Your Attention Belongs to You
On notifications, digital overwhelm, and the radical act of breathing before you respond.
There's a monk who had a thought about telephones.
In his 1991 book Peace Is Every Step, Thich Nhat Hanh wrote about how the telephone bell could tyrannize us — how we feel compelled to answer it, how it creates a kind of vibration and anxiety before we even know who's calling. He suggested something unusual: when the phone rings, don't rush. Breathe in. Breathe out. Smile. If it matters, they'll wait through three rings.
That book was written before smartphones. Before push notifications. Before the average person received 46 app notifications per day (Deloitte, 2022). Before we carried in our pockets a device that buzzes, pings, badges, and flashes at us from the moment we wake up until the moment we put it face-down on the nightstand and try to fall asleep.
The monk's advice didn't get less relevant. If anything, it got more urgent.
You don't have to respond to every buzz the way your nervous system tells you to.
Your Brain Was Not Built for This
Let's be clear about what's actually happening when your phone lights up.
Notifications trigger the brain's salience network, the system responsible for detecting anything novel, potentially threatening, or rewarding in the environment. This is the same neural circuitry that kept your ancestors alive by noticing the rustle in the tall grass. It is not designed for discretion. A text from your supervisor and a text from a spam number register with similar urgency.

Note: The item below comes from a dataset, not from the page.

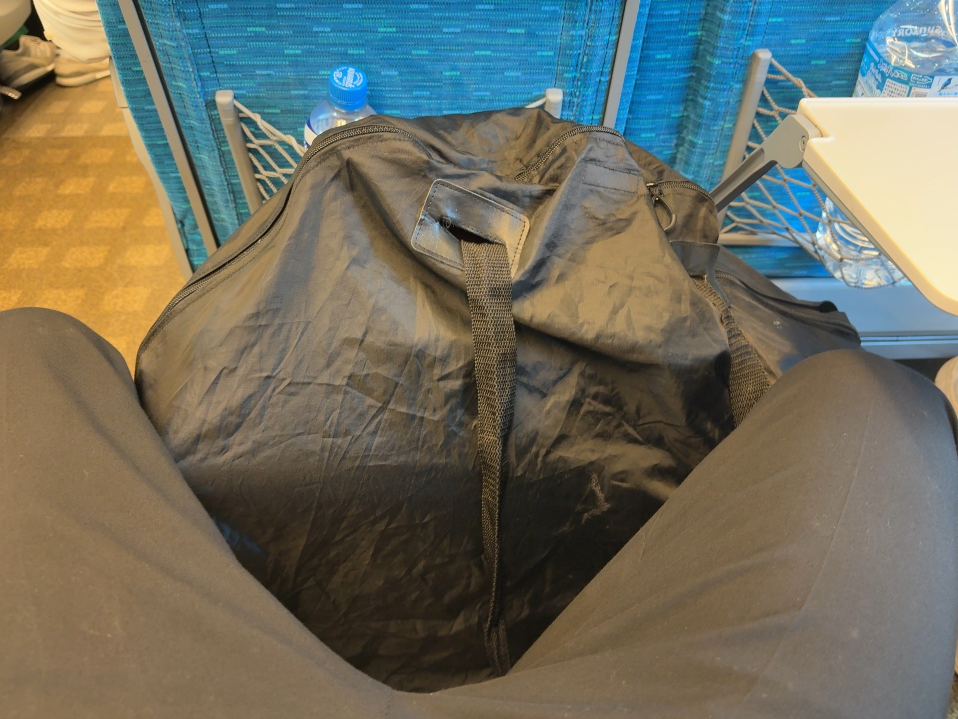 新幹線では、特大荷物で予約しようと考えましたが、他のお客さんが少ないため足元に置くことにしました。イメージは画像みたいな感じ。大きいわけでもなく足元のスペースにすっぽり入りました。このコンパクトさがK3の良い点ですよね~。※人の混み具合によっては特大荷物で予約する可能性ありです。

Research by Ward et al. (2017), published in the Journal of the Association for Consumer Research, found that even the mere presence of a smartphone on a desk, face-down and silenced, reduced available cognitive capacity compared to having the phone in another room entirely. The phone didn't have to do anything. Its proximity was enough.
For helping professionals, this is not a trivial finding. You are doing work that requires presence, careful attention, and the ability to sit with another person's pain without being pulled somewhere else. A brain that is perpetually on low-level alert for the next notification is not the same brain that can hold space.
The Notification as Invitation (Not Demand)
Here's the reframe Thich Nhat Hanh was offering, even if he didn't use these words: the ring of the phone is not a demand. It's an invitation.
You can accept the invitation immediately, on autopilot. Or you can pause, notice that the invitation arrived, and decide consciously how and whether to respond.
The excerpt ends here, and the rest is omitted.